Task goal> If pictures appear, leave them out, and return exactly the lines from the one holding "२) नील आर्मस्ट्रॉंगने" through the last line of the listing below.

Dataset content>
• • • • •

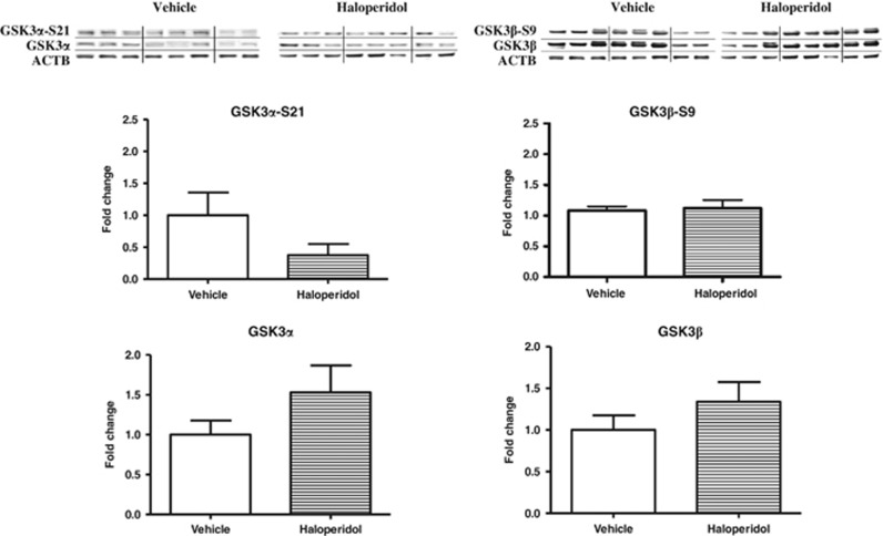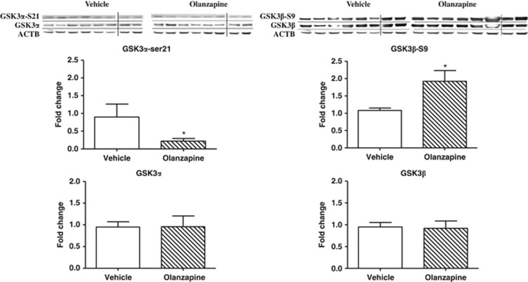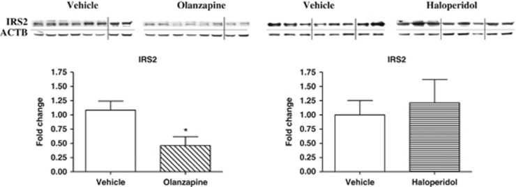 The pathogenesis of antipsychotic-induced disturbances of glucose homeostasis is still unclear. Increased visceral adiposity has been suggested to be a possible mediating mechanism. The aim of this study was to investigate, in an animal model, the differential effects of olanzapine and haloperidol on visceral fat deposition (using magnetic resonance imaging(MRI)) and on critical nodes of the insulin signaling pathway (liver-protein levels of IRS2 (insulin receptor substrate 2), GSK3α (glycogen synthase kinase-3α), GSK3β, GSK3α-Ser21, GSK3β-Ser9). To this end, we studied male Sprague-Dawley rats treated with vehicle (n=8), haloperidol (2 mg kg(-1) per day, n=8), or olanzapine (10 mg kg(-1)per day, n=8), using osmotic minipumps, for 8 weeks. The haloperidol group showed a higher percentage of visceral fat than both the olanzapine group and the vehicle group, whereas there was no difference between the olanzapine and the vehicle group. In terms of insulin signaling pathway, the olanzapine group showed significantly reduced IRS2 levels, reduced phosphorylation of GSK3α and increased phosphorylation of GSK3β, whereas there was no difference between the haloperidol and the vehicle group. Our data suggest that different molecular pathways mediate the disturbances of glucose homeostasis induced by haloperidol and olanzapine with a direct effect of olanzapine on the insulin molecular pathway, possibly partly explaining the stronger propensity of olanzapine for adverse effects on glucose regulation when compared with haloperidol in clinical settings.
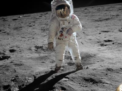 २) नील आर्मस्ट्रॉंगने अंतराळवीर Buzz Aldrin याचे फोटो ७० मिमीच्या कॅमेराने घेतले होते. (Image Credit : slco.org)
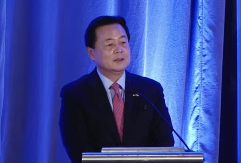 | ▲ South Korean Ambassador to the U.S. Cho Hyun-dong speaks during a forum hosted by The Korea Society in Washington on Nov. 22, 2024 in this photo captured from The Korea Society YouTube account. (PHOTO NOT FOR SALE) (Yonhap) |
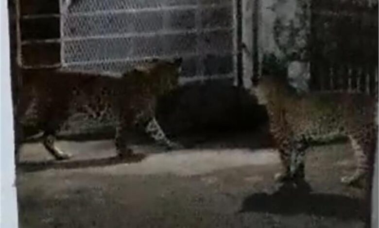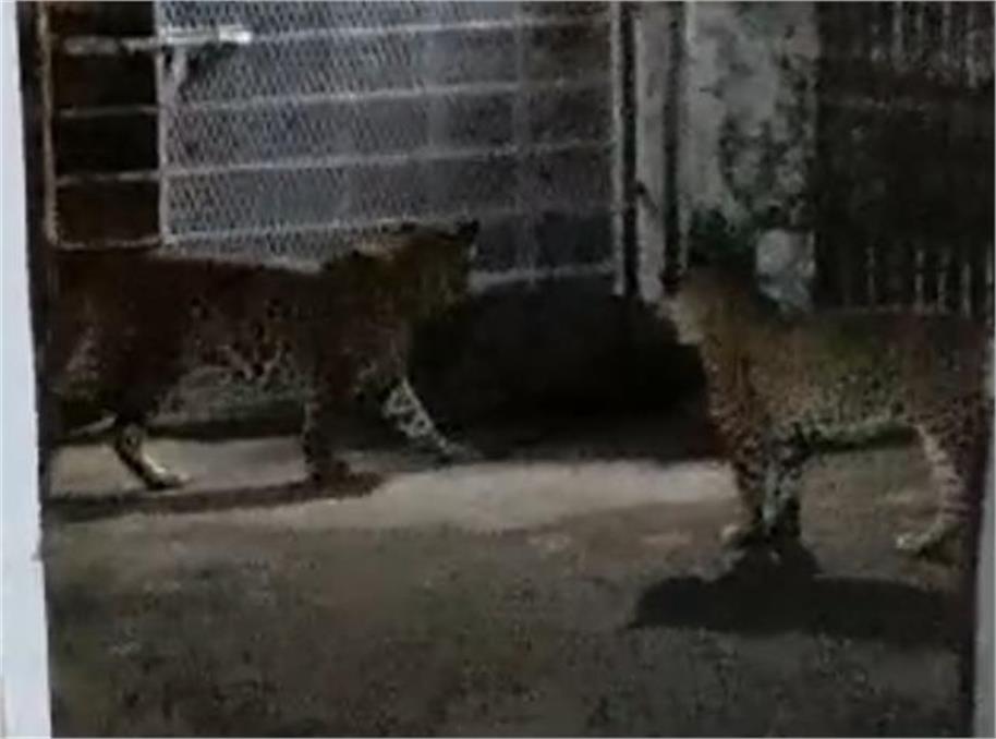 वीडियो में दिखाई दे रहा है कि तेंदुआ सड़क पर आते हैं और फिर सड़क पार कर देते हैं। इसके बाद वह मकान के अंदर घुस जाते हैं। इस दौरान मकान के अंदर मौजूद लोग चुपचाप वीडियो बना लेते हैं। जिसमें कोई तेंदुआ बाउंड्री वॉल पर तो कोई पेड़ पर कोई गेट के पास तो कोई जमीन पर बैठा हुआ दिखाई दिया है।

• • • • •

Task output>
 २) नील आर्मस्ट्रॉंगने अंतराळवीर Buzz Aldrin याचे फोटो ७० मिमीच्या कॅमेराने घेतले होते. (Image Credit : slco.org)
 | ▲ South Korean Ambassador to the U.S. Cho Hyun-dong speaks during a forum hosted by The Korea Society in Washington on Nov. 22, 2024 in this photo captured from The Korea Society YouTube account. (PHOTO NOT FOR SALE) (Yonhap) |
 वीडियो में दिखाई दे रहा है कि तेंदुआ सड़क पर आते हैं और फिर सड़क पार कर देते हैं। इसके बाद वह मकान के अंदर घुस जाते हैं। इस दौरान मकान के अंदर मौजूद लोग चुपचाप वीडियो बना लेते हैं। जिसमें कोई तेंदुआ बाउंड्री वॉल पर तो कोई पेड़ पर कोई गेट के पास तो कोई जमीन पर बैठा हुआ दिखाई दिया है।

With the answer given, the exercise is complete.